Exercise effects on acquisition and retention of the radial water maze. Latency and errors by day (A,D) or by blocks of 5 trials (B,C, E, F) after 3 weeks of voluntary wheel running exercise with no delay (EX), a 1-week delay (EX/delay-1) or a 2-week delay (EX/delay-2) between exercise and cognitive training. Latency or errors by day (averaged over 2 blocks of 5 trials per day) reveals that animals with exercise exposure learn the task faster than sedentary animals (A, D). Latency and errors by block of 5 trials (B,E) reveals that EX and SED groups have similar latencies to find the platform (B) while the EX group ultimately makes fewer errors on block 6 (E). Latency and errors by block of 5 trials (C, F) reveals that fastest acquisition was observed when a 1-week delay was introduced between exercise and cognitive training while after 2 weeks delay, acquisition speed was intermediate between the performance of SED and EX/Delay-1 groups.
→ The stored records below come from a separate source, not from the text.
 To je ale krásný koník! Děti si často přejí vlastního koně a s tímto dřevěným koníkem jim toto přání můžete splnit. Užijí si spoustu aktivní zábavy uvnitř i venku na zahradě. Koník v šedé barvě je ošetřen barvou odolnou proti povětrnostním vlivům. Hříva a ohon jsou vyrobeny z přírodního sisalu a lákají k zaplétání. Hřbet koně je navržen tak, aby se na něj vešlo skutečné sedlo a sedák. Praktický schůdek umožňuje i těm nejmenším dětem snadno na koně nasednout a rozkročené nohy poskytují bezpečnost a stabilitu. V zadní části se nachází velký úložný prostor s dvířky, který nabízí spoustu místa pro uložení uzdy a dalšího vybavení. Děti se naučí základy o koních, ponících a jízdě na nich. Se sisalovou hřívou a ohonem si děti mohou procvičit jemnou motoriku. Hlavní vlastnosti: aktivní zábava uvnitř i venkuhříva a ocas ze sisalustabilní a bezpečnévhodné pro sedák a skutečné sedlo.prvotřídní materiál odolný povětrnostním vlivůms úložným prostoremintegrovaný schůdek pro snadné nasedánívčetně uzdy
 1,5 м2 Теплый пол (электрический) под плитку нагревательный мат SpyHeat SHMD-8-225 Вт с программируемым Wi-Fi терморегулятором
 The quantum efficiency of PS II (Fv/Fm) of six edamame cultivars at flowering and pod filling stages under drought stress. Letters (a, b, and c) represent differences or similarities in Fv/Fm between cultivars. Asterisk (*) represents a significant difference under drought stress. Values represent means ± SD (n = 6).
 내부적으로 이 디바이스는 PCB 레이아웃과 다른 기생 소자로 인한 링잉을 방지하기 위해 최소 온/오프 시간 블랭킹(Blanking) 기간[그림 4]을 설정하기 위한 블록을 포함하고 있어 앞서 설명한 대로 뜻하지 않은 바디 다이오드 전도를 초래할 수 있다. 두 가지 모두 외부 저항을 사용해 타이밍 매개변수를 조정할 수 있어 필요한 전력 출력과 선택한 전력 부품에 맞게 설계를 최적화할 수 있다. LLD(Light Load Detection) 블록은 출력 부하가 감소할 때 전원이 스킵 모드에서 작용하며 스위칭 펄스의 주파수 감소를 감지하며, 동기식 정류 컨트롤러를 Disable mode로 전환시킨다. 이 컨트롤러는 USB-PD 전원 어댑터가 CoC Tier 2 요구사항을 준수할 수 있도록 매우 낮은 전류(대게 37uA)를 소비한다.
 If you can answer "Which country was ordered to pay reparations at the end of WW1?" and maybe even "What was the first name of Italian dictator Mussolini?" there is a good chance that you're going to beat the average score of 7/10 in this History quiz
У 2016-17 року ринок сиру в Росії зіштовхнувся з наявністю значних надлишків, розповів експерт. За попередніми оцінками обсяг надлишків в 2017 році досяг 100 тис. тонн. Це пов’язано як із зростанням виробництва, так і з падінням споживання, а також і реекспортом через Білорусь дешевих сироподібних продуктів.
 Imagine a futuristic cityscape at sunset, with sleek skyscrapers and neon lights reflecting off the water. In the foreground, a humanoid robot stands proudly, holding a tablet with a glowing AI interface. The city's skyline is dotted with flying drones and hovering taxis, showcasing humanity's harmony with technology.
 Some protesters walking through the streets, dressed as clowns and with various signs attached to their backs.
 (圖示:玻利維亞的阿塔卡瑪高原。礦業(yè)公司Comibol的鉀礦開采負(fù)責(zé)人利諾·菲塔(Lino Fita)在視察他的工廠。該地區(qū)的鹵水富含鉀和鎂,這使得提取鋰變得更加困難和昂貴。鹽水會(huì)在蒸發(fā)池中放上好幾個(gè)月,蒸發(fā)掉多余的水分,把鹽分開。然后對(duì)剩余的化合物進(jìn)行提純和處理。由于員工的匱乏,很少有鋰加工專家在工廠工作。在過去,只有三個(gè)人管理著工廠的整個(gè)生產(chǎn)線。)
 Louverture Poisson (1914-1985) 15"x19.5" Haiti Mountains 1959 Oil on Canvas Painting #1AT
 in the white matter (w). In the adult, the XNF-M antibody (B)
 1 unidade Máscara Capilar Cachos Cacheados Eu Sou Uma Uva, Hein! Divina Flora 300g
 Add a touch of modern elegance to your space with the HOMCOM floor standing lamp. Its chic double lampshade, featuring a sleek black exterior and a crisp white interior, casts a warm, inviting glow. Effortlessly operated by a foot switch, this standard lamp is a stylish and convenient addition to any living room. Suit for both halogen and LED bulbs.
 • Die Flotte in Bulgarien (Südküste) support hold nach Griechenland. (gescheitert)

Failure to find the escape platform was more frequent in SED than EX animals in block 1 of training (G). Probe trial performance reveals that all animals learned the task, spending more time in the target arm where the platform had been located, relative to the other maze arms (H). Exercised animals showed greater preference for the target arm relative to SED animals, with strongest memory in animals with no delay between exercise and cognitive training. Percentage of time in each arm was calculated as the ratio of “time in arm” divided by “time spent in all arms”. All data are averages ± sem. (SED vs EX: δ p ≤ 0.05, δδ p ≤ 0.01. SED vs EX/Delay-1: *p ≤ 0.05, **p ≤ 0.01, ***p ≤ 0.005. SED vs EX/Delay-2: σ p ≤ 0.05. EX vs EX/Delay-1: Ψp ≤ 0.05, ΨΨp ≤ 0.01. EX/Delay-1 vs EX/Delay-2: χp ≤ 0.05. Target arm vs non-target arms: ϕϕ p ≤ 0.0001)).